2005-02-24 08:22:46

by Vivek Goyal

[permalink] [raw]
Subject: [PATCH] Fix for broken kexec on panic

Hi,

Kexec on panic is broken on i386 in 2.6.11-rc3-mm2 because of
re-organization of boot memory allocator initialization code. Primary
kernel does not boot if kexec is enabled and crashkernel=X@Y command
line parameter is passed. After re-organization, kexec is trying to call
reserve_bootmem before boot memory allocator has initialized.

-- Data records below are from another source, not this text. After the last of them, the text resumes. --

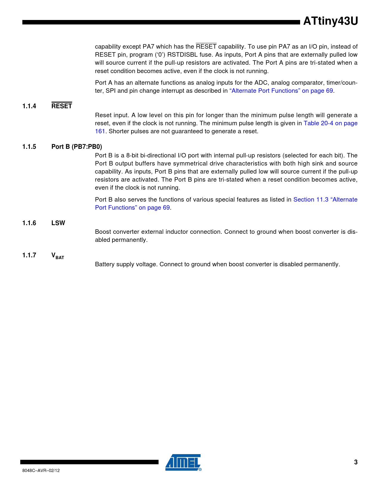 ATtiny43U 1.1.4 RESET 1.1.5 Port B (PB7:PB0) 1.1.6 LSW 1.1.7 VBAT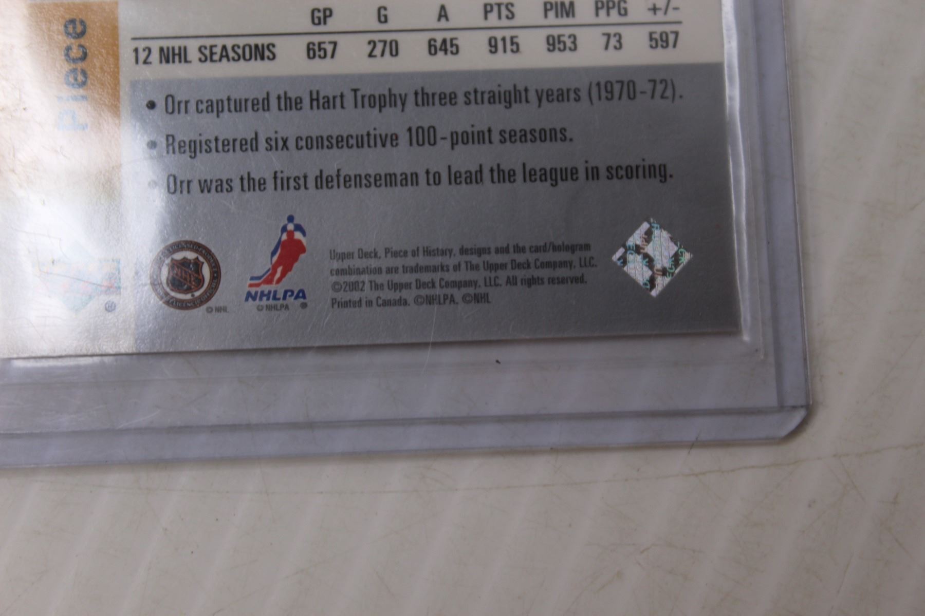 Upper Deck Tribute to Bobby Orr 2002
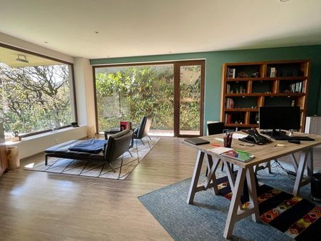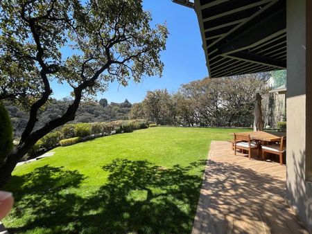 Hermosa casa en venta ubicada en Tepozcuautla Cumbres de Santa Fe, rodeada de un exuberante bosque. La fachada principal de la casa está orientada al sureste, ofreciendo vistas impresionantes a la cañada, mientras que la fachada de acceso se encuentra en el noreste.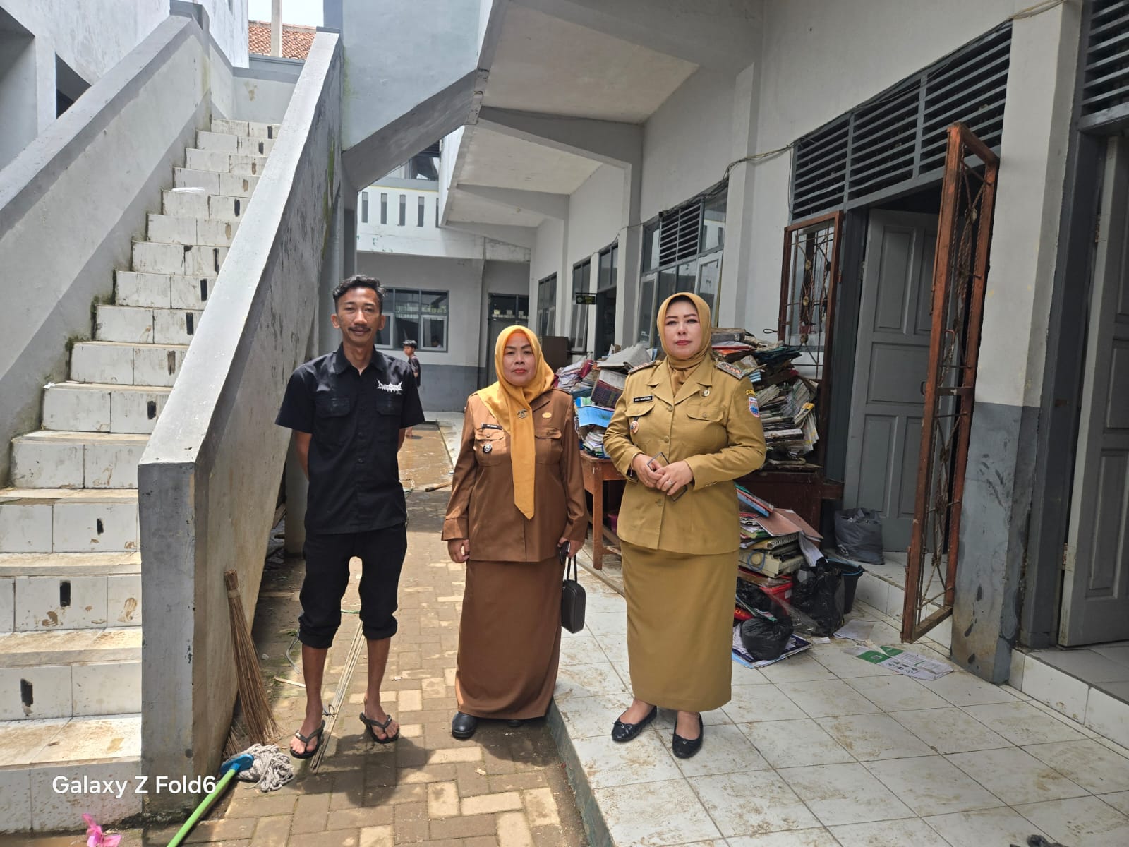 banjir yang terjadi di SMK MTS Mohamad Toha Cimahi dan saya bersama Lurah Utama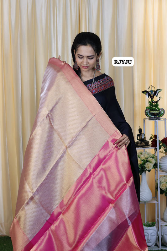 Jothika inspired saree,Katan tissue. in cross strips 🥳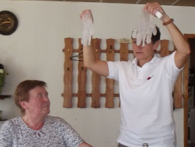 Erster Hinweis von Frau Springsguth: Man solle, auch zum Eigenschutz bei der Ersten Hilfe und bei Wundversorgungen an anderen Personen immer Handschuhe (Einweghandschuhe) tragen.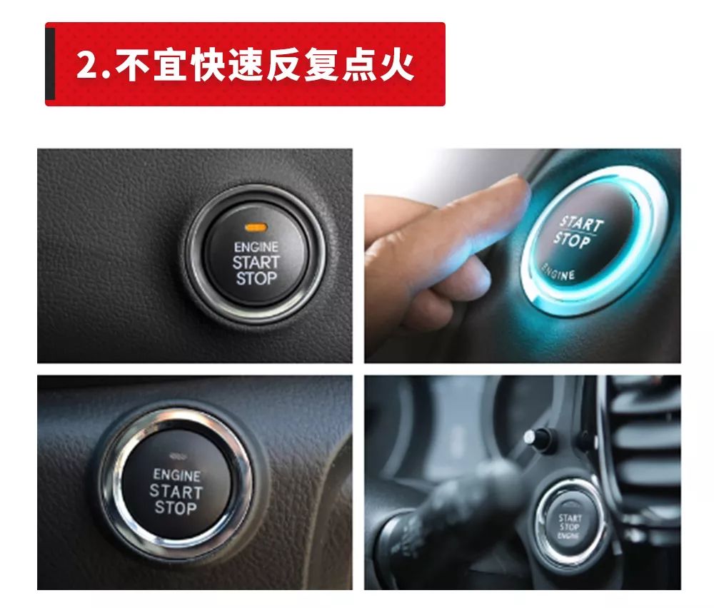 在启动汽车时,每次发动的时间不宜超过5秒,再次启动的间隔时间不少于15秒,否则不间断的使用起动机会导致电瓶过度放电而损坏。

This patch fixes the problem. I have moved the call to
reserved_bootmem() for kexec for both discontig and contig memory into
new setup_bootmem_allocator().

This patch has been generated against 2.6.11-rc4-mm1

Thanks
Vivek


Attachments:
kexec-reserve-bootmem-fix.patch (2.15 kB)

2005-02-24 09:13:38

by Andrew Morton

[permalink] [raw]
Subject: Re: [PATCH] Fix for broken kexec on panic

Vivek Goyal <[email protected]> wrote:
>
> Kexec on panic is broken on i386 in 2.6.11-rc3-mm2 because of
> re-organization of boot memory allocator initialization code.

OK...

Where are we up to with these patches, btw? Do you consider them
close-to-complete? Do you have a feel for what proportion of machines will
work correctly?

2005-02-24 12:19:04

by Maneesh Soni

[permalink] [raw]
Subject: Re: [Fastboot] Re: [PATCH] Fix for broken kexec on panic

On Thu, Feb 24, 2005 at 01:13:12AM -0800, Andrew Morton wrote:
> Vivek Goyal <[email protected]> wrote:
> >
> > Kexec on panic is broken on i386 in 2.6.11-rc3-mm2 because of
> > re-organization of boot memory allocator initialization code.
>
> OK...
>
> Where are we up to with these patches, btw? Do you consider them
> close-to-complete? Do you have a feel for what proportion of machines will
> work correctly?

After the rework of kexec patches, there is very minimal kernel code needed
for kdump and most of the code is in user space kexec-tools. The changes
needed in kexec-tools to load the crashdump kernel and generate ELF headers,
for x86 architecture are done and will be posted for comments today by Vivek.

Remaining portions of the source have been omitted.